━━━━━ Records for this exercise ━━━━━

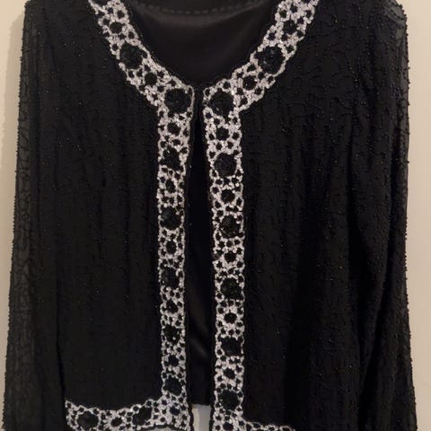 Nydelig og vakker retro jakke, blazer med flott og intrikat mønster av perler og broderi. Virkelig forseggjort og unik, perfekt hvis man vil føle seg litt ekstra fin. Pallettet i svart, hvitt og sølv gjør den veldig anvendelig.
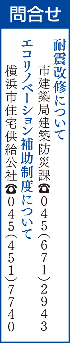 市は耐震化と併せて省エネ住宅の普及促進にも取り組み、断熱改修などの省エネ改修工事への補助制度を実施。耐震改修工事と省エネ改修工事を併せて行う場合に、両方の補助制度を併用できる。省エネ改修補助制度の限度額は最大80万円。
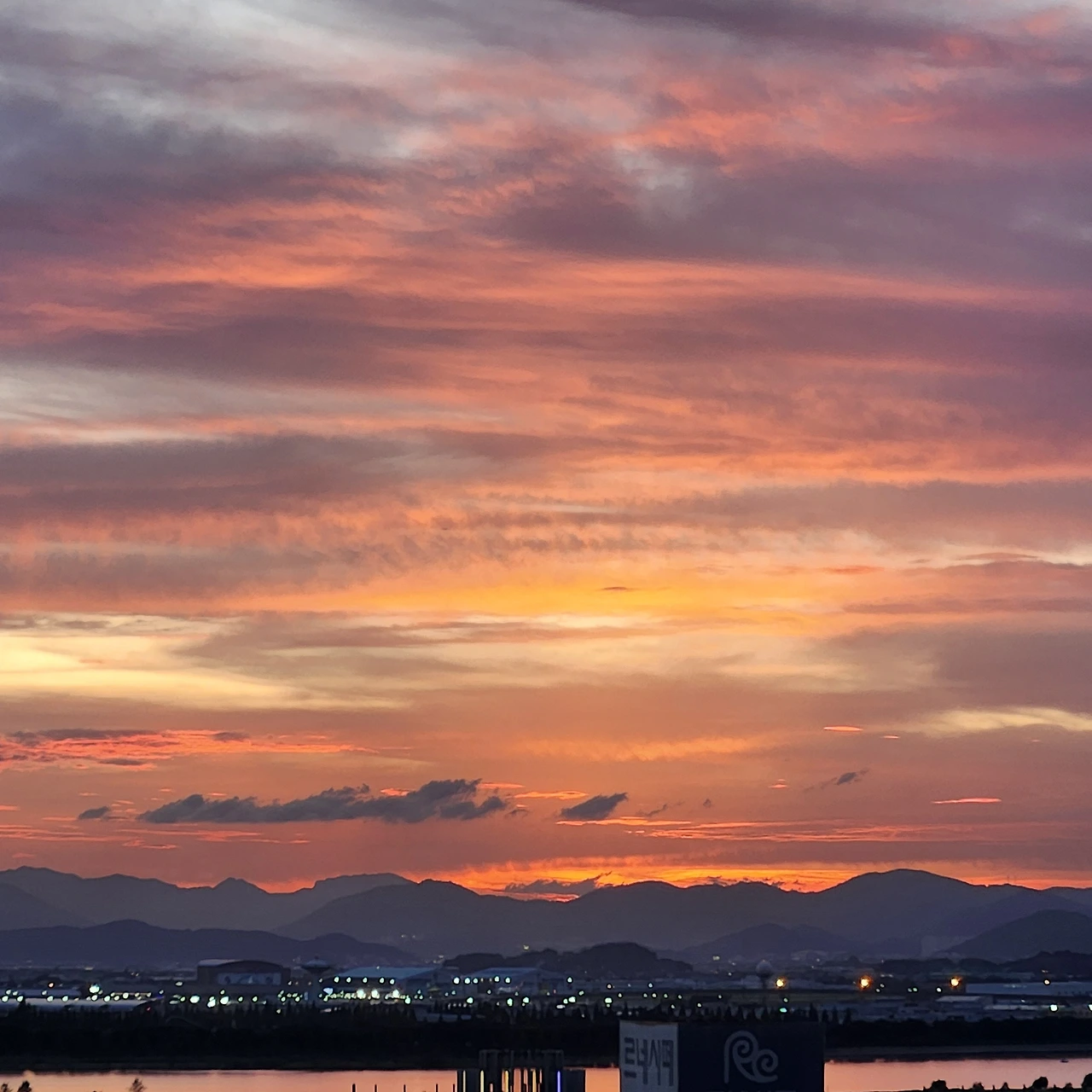 무엇보다도 이 동네의 가장 큰 매력은 황홀한 낙조를 매일 마주할 수 있다는 점이다.해는 동쪽에서 떠서 서쪽으로 지기 마련이니깐, 동부산인 해운대에서 뜬 해는 이곳 낙동강변을 따라진다. 올해 1월 1일 해돋이를 부산의 동쪽인 해운대 해변에서 보았는데, 한 해의 절반이 지나니 어느새 해가 지는 서쪽에서 매일 저무는 여름날의 해가 만들어내는 노을을 보고 있다는 점이 흥미롭게 느껴진다.
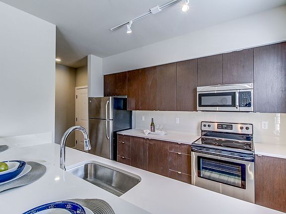 Our designer kitchens feature modern European style cabinetry, sleek quartz slab countertops throughout, and stainless steel appliances with glass flat top stove and extra-large single basin sink with faucet sprayer.
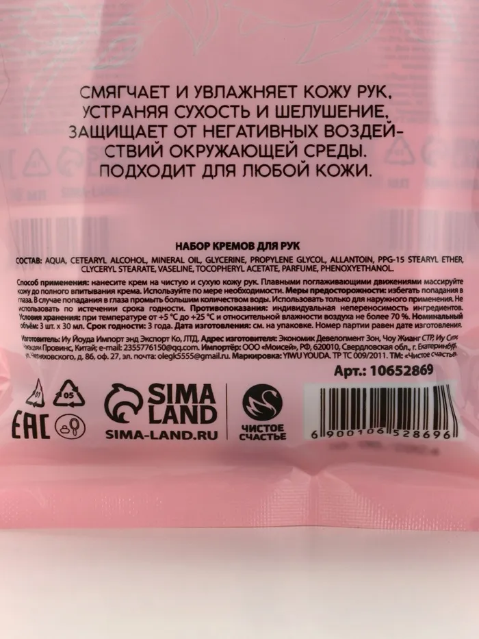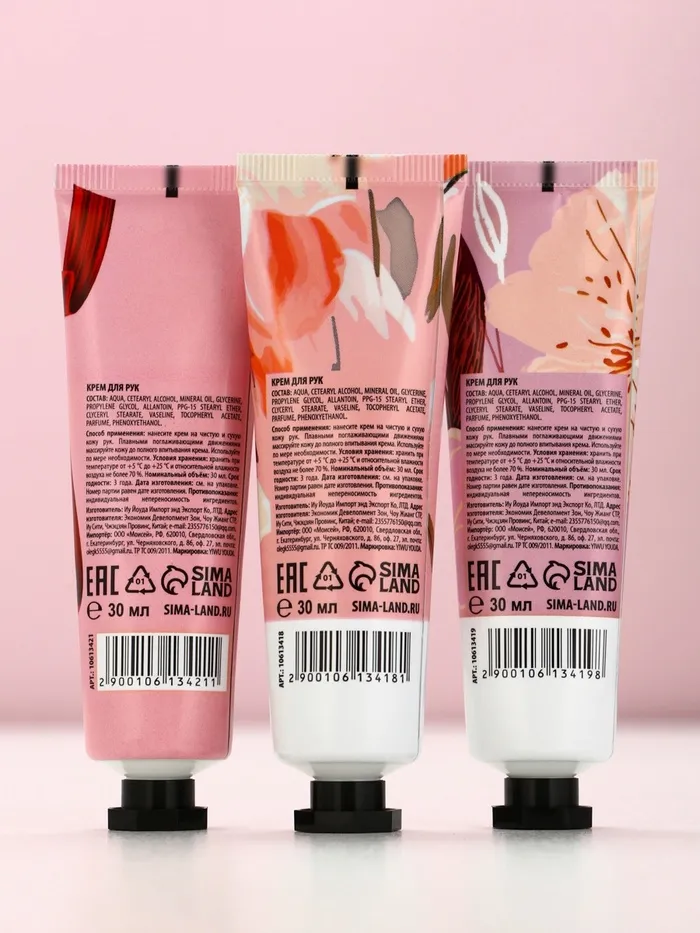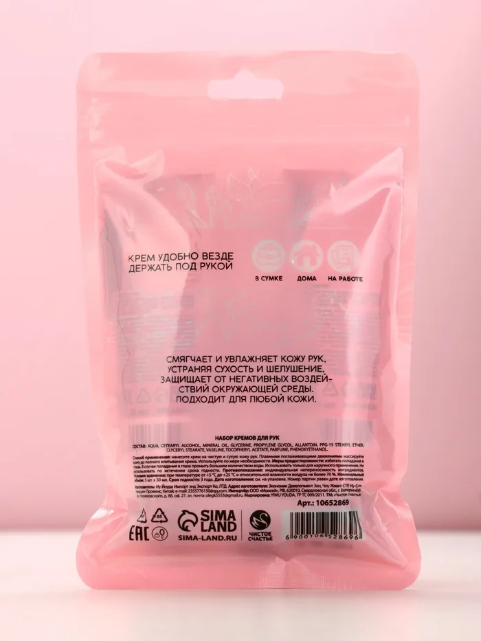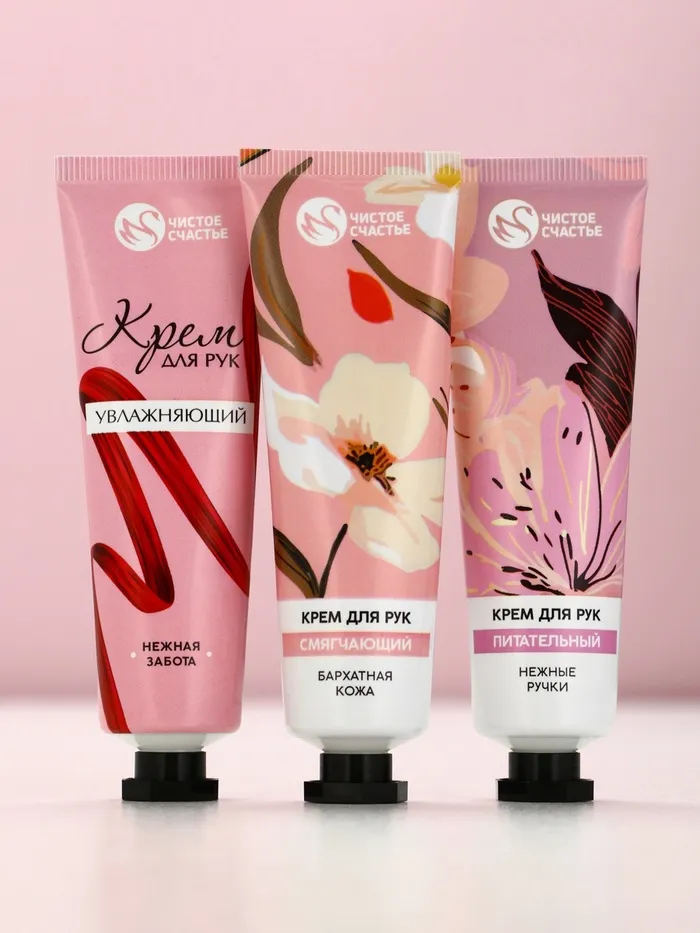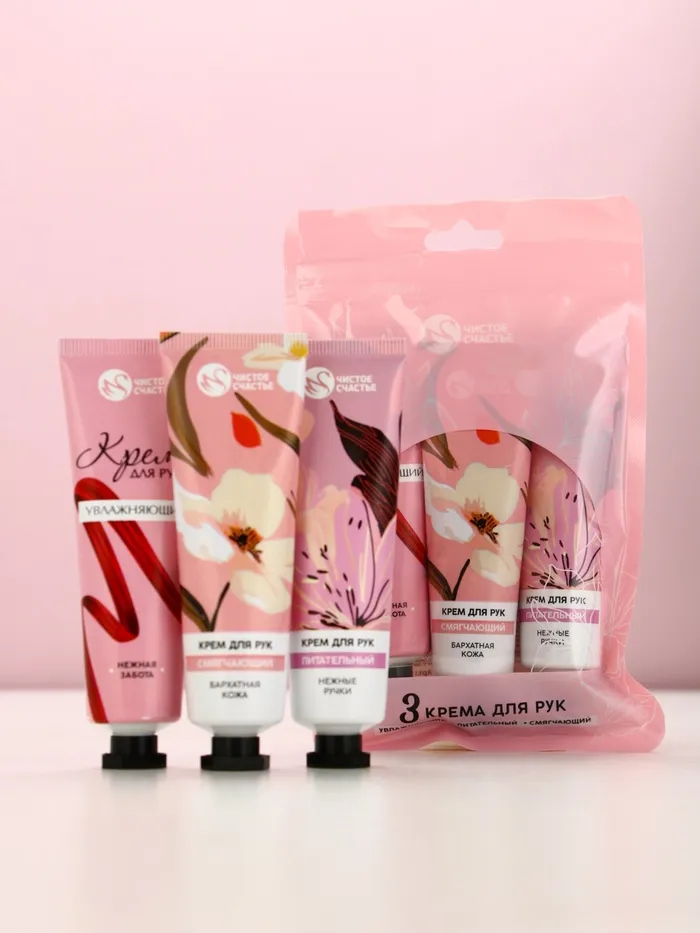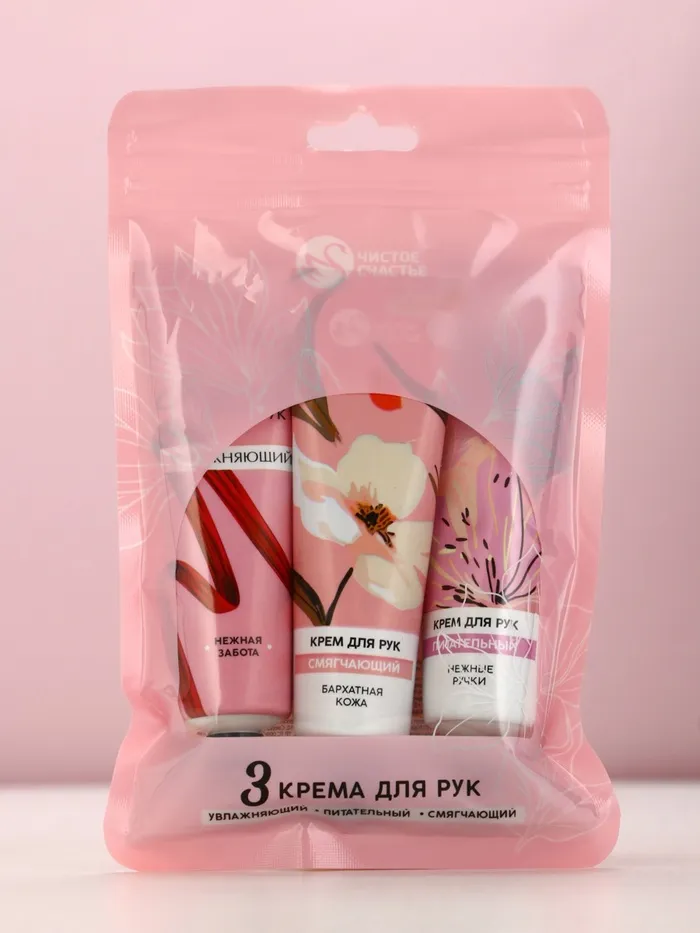 Подарочный набор, крем для рук, 3 шт., увлажнение, питание и смягчение, Чистое счастье — Характеристики

━━━━━

- [What to produce]: The line with "市は耐震化と併せて省エネ住宅" ends the range, and the first line of the data begins it; repeat exactly those lines and nothing more, omitting pictures.

- [Finished task]:
 Nydelig og vakker retro jakke, blazer med flott og intrikat mønster av perler og broderi. Virkelig forseggjort og unik, perfekt hvis man vil føle seg litt ekstra fin. Pallettet i svart, hvitt og sølv gjør den veldig anvendelig.
 市は耐震化と併せて省エネ住宅の普及促進にも取り組み、断熱改修などの省エネ改修工事への補助制度を実施。耐震改修工事と省エネ改修工事を併せて行う場合に、両方の補助制度を併用できる。省エネ改修補助制度の限度額は最大80万円。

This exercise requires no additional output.